Once the system is successfully piloted in selected DS offices, the platform can be scaled to other government organizations, reducing travel and building efficiency in service delivery including in areas outside of urban centres and contributing to Sri Lanka’s green recovery.

“Our biggest objective is to build the digital foundation for the government to continue serving all Sri Lankans during a crisis like this. This is just the beginning of our digital transformation journey” says Mehinda Herath, Chief Executive officer of ICTA.

The CERC will also build resilience in public service delivery by enabling government officials to work remotely.

This will be done through the implementation of a government-wide email and collaboration solution and video conferencing facilities; and by enhancing the capacity of the government cloud infrastructure (LGC 2.0) to support more services.

A disaster recovery site will also be established for LGC 2.0 so that critical data is not lost in times of exogenous shocks, including natural disasters such as flooding and cyclones.

“The vision of ICTA is to improve living conditions and livelihoods across Sri Lanka irrespective of geographical locations and other disparities. This will be done through effectively adopting digital technologies and developing the required enabling environment, including the legal framework, basic infrastructure such as unique digital ID and government wide digital connectivity as well as various other aspects that are required to develop the digital economy,” says Prof. Lilith Gamage, Chairman of ICTA.

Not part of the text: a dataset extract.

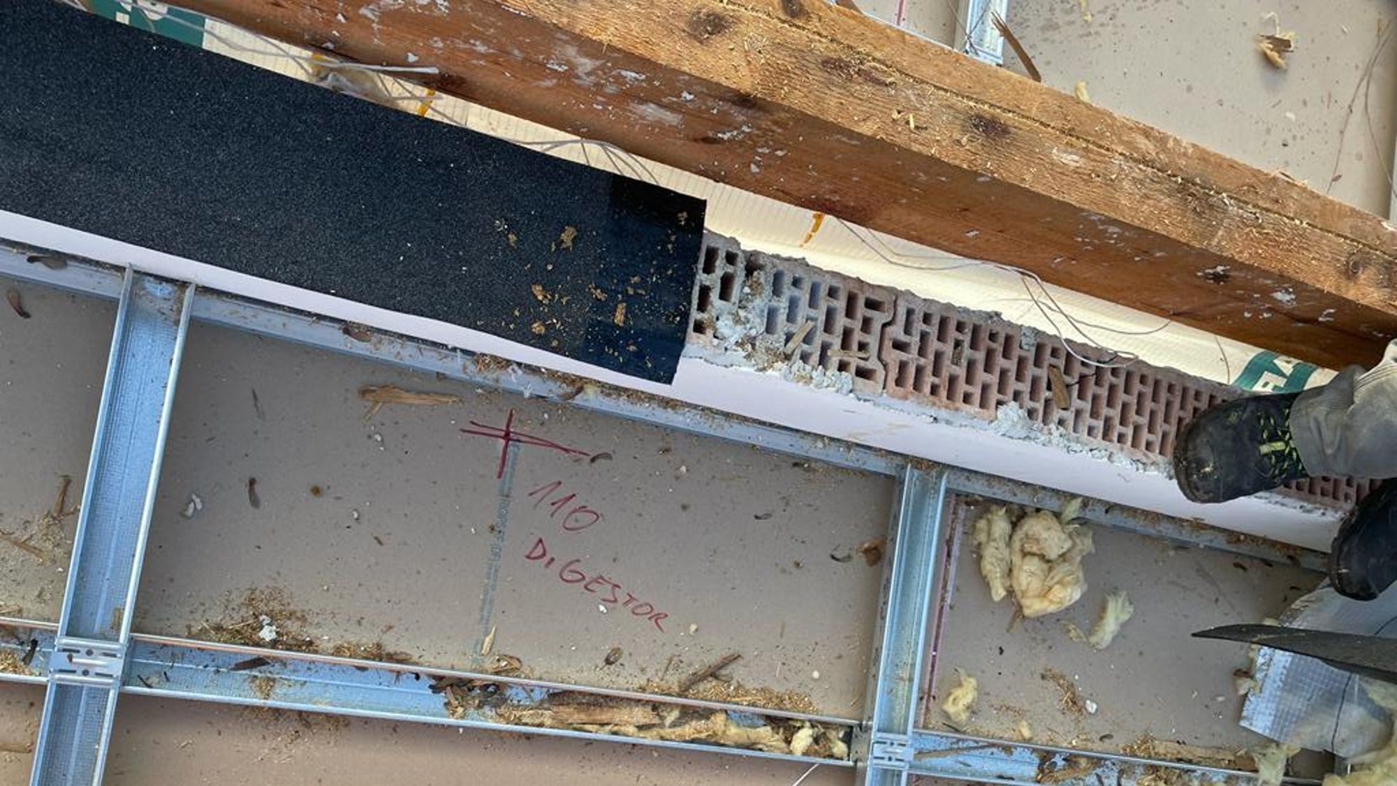 Z výše uvedených fotografií je patrné, že kromě nevhodně řešených příček a stěn z dutinových cihel bez uzavření koruny věncem jsou zdrojem vlhkosti pronikajícící do střešní skladby netěsnosti v parozábraně. Nejrizikovějšími místy ohrožujícími parotěsnost a vzduchotěsnost fóliové parozábrany jsou prostupy instalací, které provedli nejspíš pracovníci jiných řemesel až po sádrokratonářích. Bohužel se s neúctou (nebo snad ignorací z neznalosti souvislostí) jednoho řemesla k práci předcházejícího řemesla na stavbách setkáváme velmi často. A technický dozor buď není pro stavbu sjednán nebo nepůsobí na stavbě v dostatečném rozsahu.

Transforming Sri Lanka into a technology-based society is one of the key national policy objectives of the country, as highlighted in the President’s manifesto, Vistas of Prosperity and Splendor. This includes the implementation of a “whole-of-government approach” to digital government to improve the delivery of public services to all Sri Lankans; developing the technology industry for jobs and growth; and supporting digital entrepreneurship and growth of a digitally savvy workforce and population.

The government is developing a foundational digital ID system that is backed by biometrics. ICTA together with the Ministry of Justice has also commenced an initiative to establish a country-wide court management system with the aim of improving the efficiency and effectiveness of the judicial system.